The opposite extreme is worse. A 2019 report from Stack Overflow's Developer Survey listed "poor documentation of internal systems" as the #2 productivity blocker after technical debt itself. Skipping design docs entirely means every sixth-month refactor is an archaeology dig.

This is the framework I use to decide which changes deserve a doc, which deserve a 3-sentence RFC comment, and which deserve nothing at all.

{/* truncate */}

The problem: docs written for the wrong reason

Design docs fail in two ways, both avoidable.

Failure 1: Written as a ritual. The doc exists because the process says it should exist. Nobody opened it after approval. The writer spent half a day; the reviewers spent an hour of calendar time; the artifact added zero decision value.

Failure 2: Not written when they should have been. Something gets built, breaks in a non-obvious way six months later, and the post-mortem asks "why wasn't this decision documented?" The senior who made the call has left. The reasoning is lost. The rebuild costs 3x the original effort.

Google's engineering-practices handbook puts the purpose bluntly: a design doc exists to surface disagreement before code exists, because the cost of disagreement at design time is minutes, and the cost at code-review time is days. If your doc isn't surfacing disagreement, you either wrote it too late, or you didn't need it.

The academic case is supportive but limited. Ernst et al. (2015), Measure It? Manage It? Ignore It? (an IEEE Software paper on design documentation practices) found that teams producing targeted design docs shipped with 20-30% fewer post-release defects than teams relying on ad-hoc documentation — but only when the doc captured tradeoffs, not when it re-described the code. A doc that restates what the PR shows is worse than no doc: it adds calendar friction without adding reasoning.

The 3-question decision framework

Flow diagram: three yes/no questions leading to either a full design doc, a quick RFC comment, or skipping documentation entirely. Three questions, three possible outcomes. Most changes land at "skip" or "RFC comment". Only a minority need a full doc.

Question 1: Is the scope more than 1 engineer-week?

If a single engineer can finish the change in a week, they should usually just build it and let the PR description carry the context. A PR description is a lightweight design doc with 100% read-through because reviewers can't merge without opening it.

The week threshold is not arbitrary. Work that takes longer than a week almost always crosses module boundaries, and once module boundaries are crossed, multiple people have opinions about the interface. That's when writing compresses into review time.

Question 2: Does the change affect more than one team?

Cross-team changes need a doc regardless of scope. A half-day schema migration that touches two services needs a 1-page design doc, because the two teams won't meet until the PR, and a PR is the wrong venue for interface disagreement.

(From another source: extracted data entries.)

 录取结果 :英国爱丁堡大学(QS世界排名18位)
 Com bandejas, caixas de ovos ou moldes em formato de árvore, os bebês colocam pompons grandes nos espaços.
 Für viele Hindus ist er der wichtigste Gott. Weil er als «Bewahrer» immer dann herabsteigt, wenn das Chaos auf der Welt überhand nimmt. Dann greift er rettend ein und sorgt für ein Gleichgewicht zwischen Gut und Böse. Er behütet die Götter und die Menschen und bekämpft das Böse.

Single-team changes — even large ones — can often be handled in a shared /rfcs/ channel or pull-request thread. The reviewer set is small and already context-sharing, so a long written artifact has diminishing returns.

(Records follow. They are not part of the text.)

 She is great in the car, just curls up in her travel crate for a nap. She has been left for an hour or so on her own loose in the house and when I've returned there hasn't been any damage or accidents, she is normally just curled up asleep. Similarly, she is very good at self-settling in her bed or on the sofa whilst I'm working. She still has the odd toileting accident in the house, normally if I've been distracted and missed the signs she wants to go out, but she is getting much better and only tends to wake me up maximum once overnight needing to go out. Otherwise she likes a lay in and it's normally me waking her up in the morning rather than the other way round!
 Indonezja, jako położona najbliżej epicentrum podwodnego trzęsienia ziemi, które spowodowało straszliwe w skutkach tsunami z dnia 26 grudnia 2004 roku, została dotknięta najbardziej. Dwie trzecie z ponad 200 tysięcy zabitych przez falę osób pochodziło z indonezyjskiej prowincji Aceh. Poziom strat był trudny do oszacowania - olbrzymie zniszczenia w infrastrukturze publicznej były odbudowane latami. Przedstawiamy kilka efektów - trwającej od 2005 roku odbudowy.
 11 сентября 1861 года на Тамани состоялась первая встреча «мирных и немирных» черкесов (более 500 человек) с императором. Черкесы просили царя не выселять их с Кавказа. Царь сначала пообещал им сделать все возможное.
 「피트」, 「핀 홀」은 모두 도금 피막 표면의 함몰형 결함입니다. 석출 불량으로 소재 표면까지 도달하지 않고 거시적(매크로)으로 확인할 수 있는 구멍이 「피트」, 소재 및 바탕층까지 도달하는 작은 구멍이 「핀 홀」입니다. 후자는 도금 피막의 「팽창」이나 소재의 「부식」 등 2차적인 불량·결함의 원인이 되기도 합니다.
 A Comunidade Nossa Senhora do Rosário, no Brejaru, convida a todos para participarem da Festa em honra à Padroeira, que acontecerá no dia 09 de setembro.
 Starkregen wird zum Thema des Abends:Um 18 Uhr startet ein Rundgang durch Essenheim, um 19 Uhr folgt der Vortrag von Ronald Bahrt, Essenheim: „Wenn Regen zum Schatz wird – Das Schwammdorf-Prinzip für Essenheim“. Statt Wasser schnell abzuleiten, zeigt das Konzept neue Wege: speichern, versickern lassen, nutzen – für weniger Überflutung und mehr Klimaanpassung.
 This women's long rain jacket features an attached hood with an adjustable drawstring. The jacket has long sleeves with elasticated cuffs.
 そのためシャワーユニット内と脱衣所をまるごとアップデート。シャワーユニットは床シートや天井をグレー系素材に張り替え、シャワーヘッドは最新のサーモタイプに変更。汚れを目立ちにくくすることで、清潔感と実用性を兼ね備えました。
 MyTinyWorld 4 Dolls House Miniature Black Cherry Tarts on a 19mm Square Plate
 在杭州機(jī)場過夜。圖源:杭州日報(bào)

Question 3: Is the change reversible within one business day?

This is the "blast radius" test borrowed from site-reliability practice. If rolling the change back takes one engineer one day, write it up after, don't design-doc it before. If rollback would take a week, or is physically impossible (a schema migration, a public API change, a data-format change), the decision is worth the hour of writing.

"Reversible in a day" is a useful shortcut because it maps cleanly to MTTR data. In teams we've measured, an average deploy recovers in under 4 hours when the change has a clear rollback path. Changes without rollback paths are the ones that dominate MTTR numbers — and those are exactly the changes worth writing up.

The decision matrix

Scope > 1 weekCross-teamReversible in a dayWhat to do
NoNoYesSkip — ship with a good PR description
NoNoNoShort RFC comment (200-400 words)
NoYesEither1-page design doc
YesNoYesRFC thread in shared channel
YesYesEitherFull design doc, required
YesNoNoFull design doc, required

Six combinations, three written outcomes. The matrix prevents the "every ticket gets a doc" regression, and it prevents the "no doc, ever" regression.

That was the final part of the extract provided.